## TASK TO CARRY OUT:
Using the material below, repeat exactly the lines from the one with "Опасные участки КазаниПри" through the one with "Dieser Beistelltisch ist", ends included, without any images.

(SUPPLIED ENTRIES Opens)

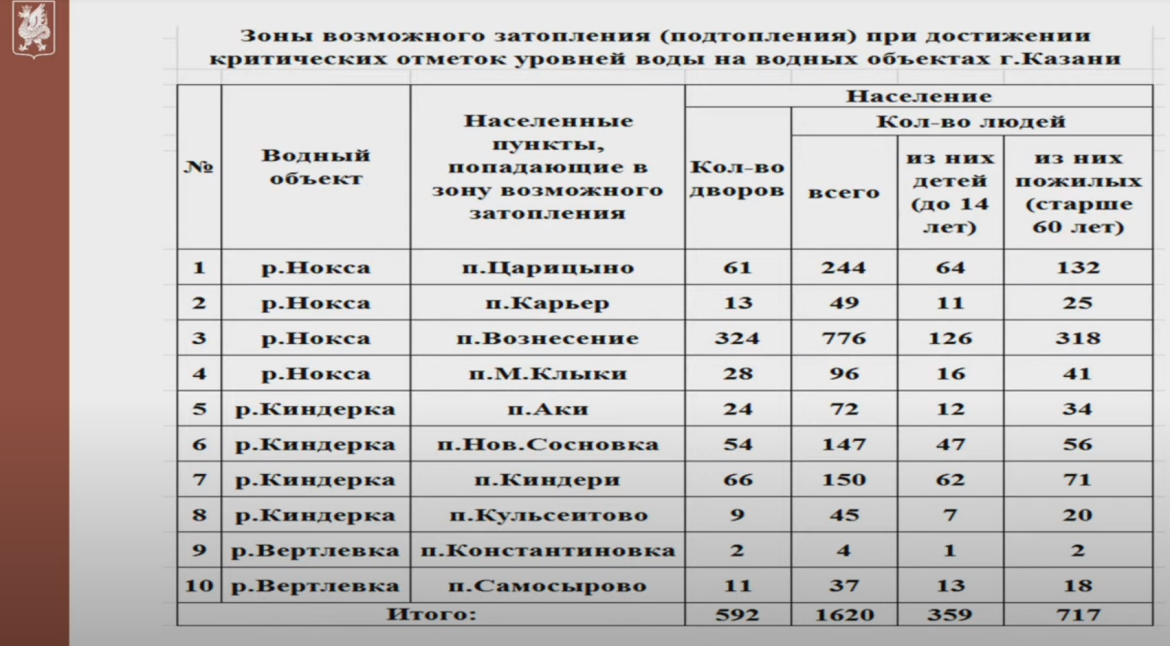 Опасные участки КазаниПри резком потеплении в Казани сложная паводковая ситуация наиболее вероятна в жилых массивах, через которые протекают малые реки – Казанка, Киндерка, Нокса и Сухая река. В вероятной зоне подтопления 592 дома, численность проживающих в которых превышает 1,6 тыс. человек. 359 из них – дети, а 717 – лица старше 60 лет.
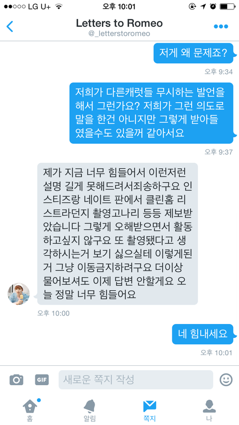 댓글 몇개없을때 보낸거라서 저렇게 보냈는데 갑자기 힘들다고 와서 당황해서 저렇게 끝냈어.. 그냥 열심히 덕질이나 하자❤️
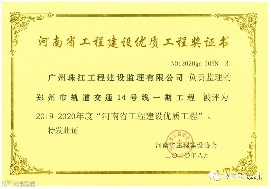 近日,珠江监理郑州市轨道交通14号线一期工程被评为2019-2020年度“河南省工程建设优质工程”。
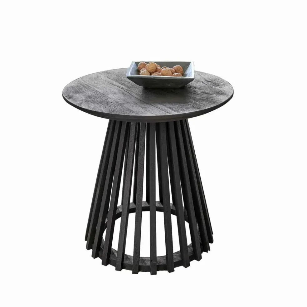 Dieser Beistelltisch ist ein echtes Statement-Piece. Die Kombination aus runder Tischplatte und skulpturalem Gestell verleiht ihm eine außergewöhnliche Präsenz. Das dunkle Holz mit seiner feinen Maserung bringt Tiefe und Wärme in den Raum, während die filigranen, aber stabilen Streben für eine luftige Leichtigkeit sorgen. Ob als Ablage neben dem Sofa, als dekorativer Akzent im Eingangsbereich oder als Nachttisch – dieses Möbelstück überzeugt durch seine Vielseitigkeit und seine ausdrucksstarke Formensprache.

(SUPPLIED ENTRIES Closes)
(SUPPLIED ENTRIES Opens)

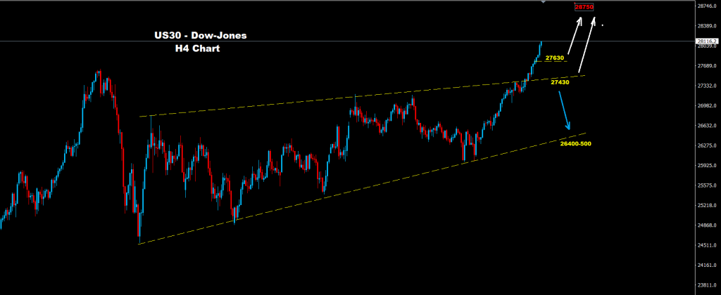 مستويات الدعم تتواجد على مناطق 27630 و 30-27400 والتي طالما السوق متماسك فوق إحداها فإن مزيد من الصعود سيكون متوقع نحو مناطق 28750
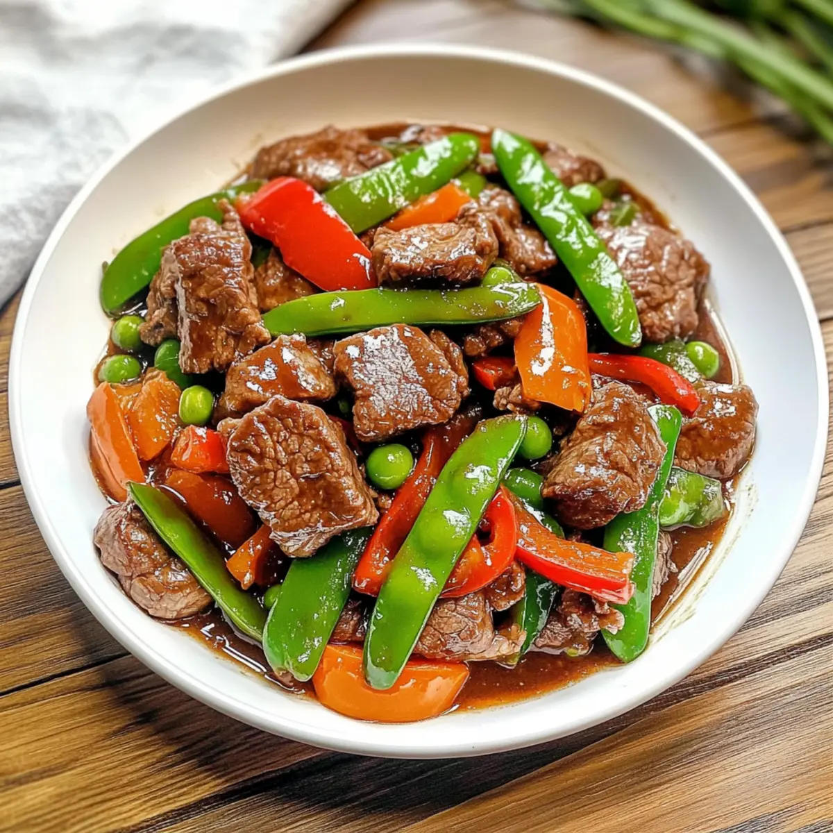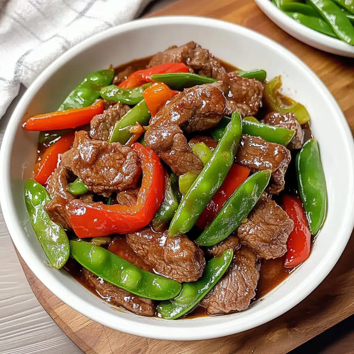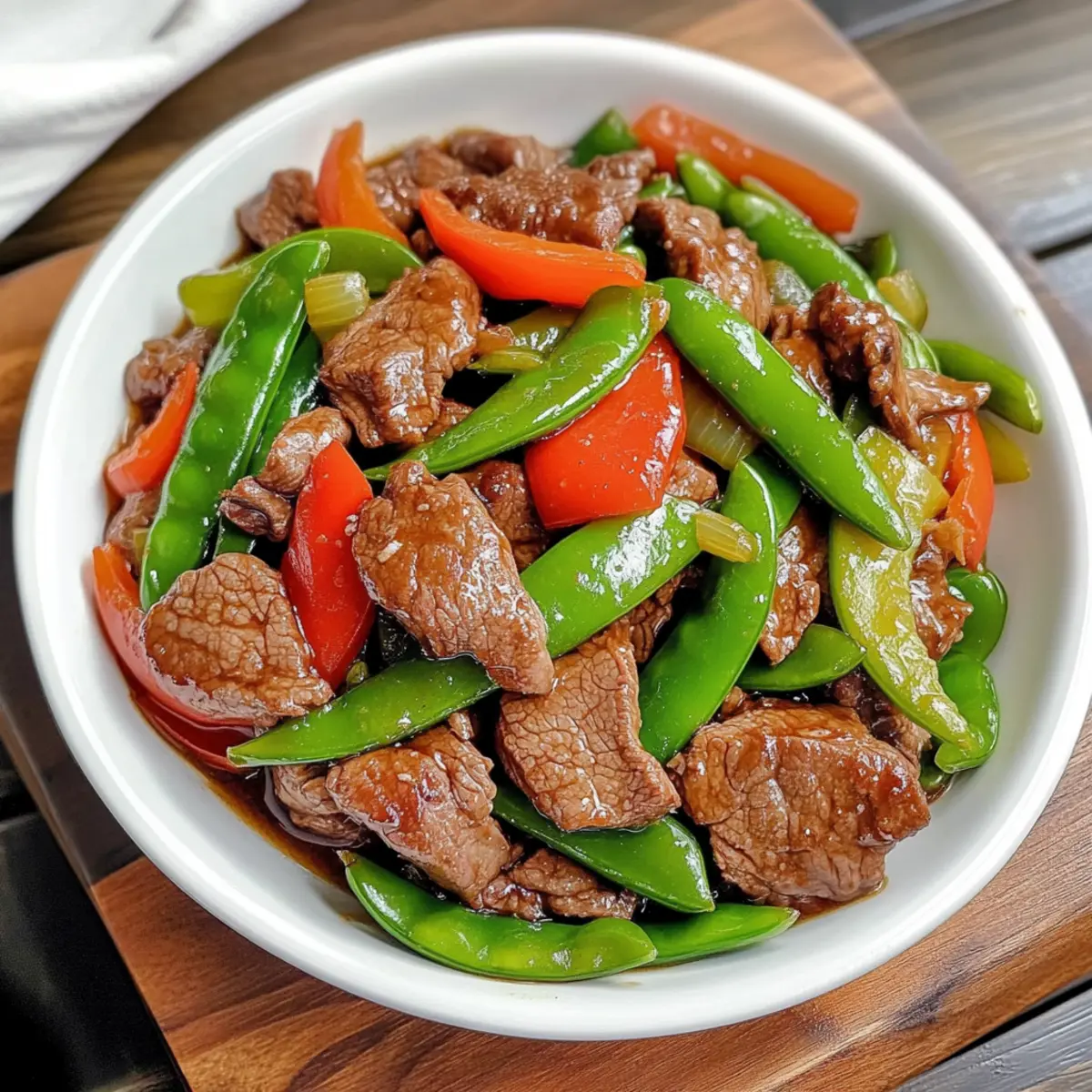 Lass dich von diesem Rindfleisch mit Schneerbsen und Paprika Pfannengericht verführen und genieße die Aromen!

(SUPPLIED ENTRIES Closes)

## SOLUTION TO THIS PROBLEM:
 Опасные участки КазаниПри резком потеплении в Казани сложная паводковая ситуация наиболее вероятна в жилых массивах, через которые протекают малые реки – Казанка, Киндерка, Нокса и Сухая река. В вероятной зоне подтопления 592 дома, численность проживающих в которых превышает 1,6 тыс. человек. 359 из них – дети, а 717 – лица старше 60 лет.
 댓글 몇개없을때 보낸거라서 저렇게 보냈는데 갑자기 힘들다고 와서 당황해서 저렇게 끝냈어.. 그냥 열심히 덕질이나 하자❤️
 近日,珠江监理郑州市轨道交通14号线一期工程被评为2019-2020年度“河南省工程建设优质工程”。
 Dieser Beistelltisch ist ein echtes Statement-Piece. Die Kombination aus runder Tischplatte und skulpturalem Gestell verleiht ihm eine außergewöhnliche Präsenz. Das dunkle Holz mit seiner feinen Maserung bringt Tiefe und Wärme in den Raum, während die filigranen, aber stabilen Streben für eine luftige Leichtigkeit sorgen. Ob als Ablage neben dem Sofa, als dekorativer Akzent im Eingangsbereich oder als Nachttisch – dieses Möbelstück überzeugt durch seine Vielseitigkeit und seine ausdrucksstarke Formensprache.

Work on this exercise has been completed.